Qual é o papel de uma organização marxista nessa situação? Não podemos simplesmente ficar de lado e reclamar que o movimento não merece apoio por não ser um movimento perfeito da “classe trabalhadora” – isso seria sectarismo. Tampouco seríamos simplesmente líderes de torcida e voluntários do movimento, o que seria oportunismo. Outros grupos de esquerda em Hong Kong simplesmente se dissolveram no clima do movimento. Eles apenas entoaram os mesmos slogans com as massas, como “Recuperar Hong Kong”.

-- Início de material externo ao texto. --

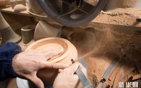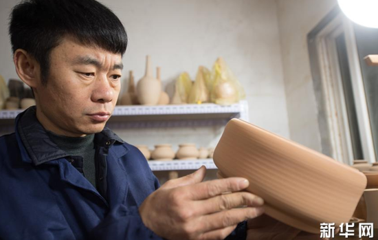 1月16日,陳衛(wèi)武在工作室查看一件青瓷洗坯體的線條。

Os marxistas demonstram que somos os lutadores mais ferrenhos em tais lutas. Mas fazemos isso como uma força fortemente organizada com uma visão socialista clara: nossas palavras de ordem, nossos alertas e nossas propostas para fortalecer o movimento e superar suas perigosas fraquezas. Naturalmente, especialmente no início, seríamos uma minoria no movimento, dada a fraqueza das organizações de massas e o baixo nível de consciência nesse estágio. Portanto, teremos de nadar contra a corrente – até mesmo os bolcheviques eram uma pequena minoria isolada em fevereiro de 1917, após a queda do czar. Nosso objetivo não seria esperar conquistar um público de massa inicialmente, mas sim alcançar as camadas mais avançadas da juventude e das massas, aquelas que tiraram conclusões e lições semelhantes às nossas.
As lutas de massas surgirão inevitavelmente na China no próximo período, mas elas também serão muito complicadas, repletas de todos os tipos de ilusões e confusões. Não tememos essas complicações, mas temos que entender e nos preparar.
Este é um discurso apresentado por Peter Chan, de Hong Kong, em uma sessão da Escola Marxista da ASI de 2024 na China-Hong Kong-Taiwan dedicada às Lições da luta de massas.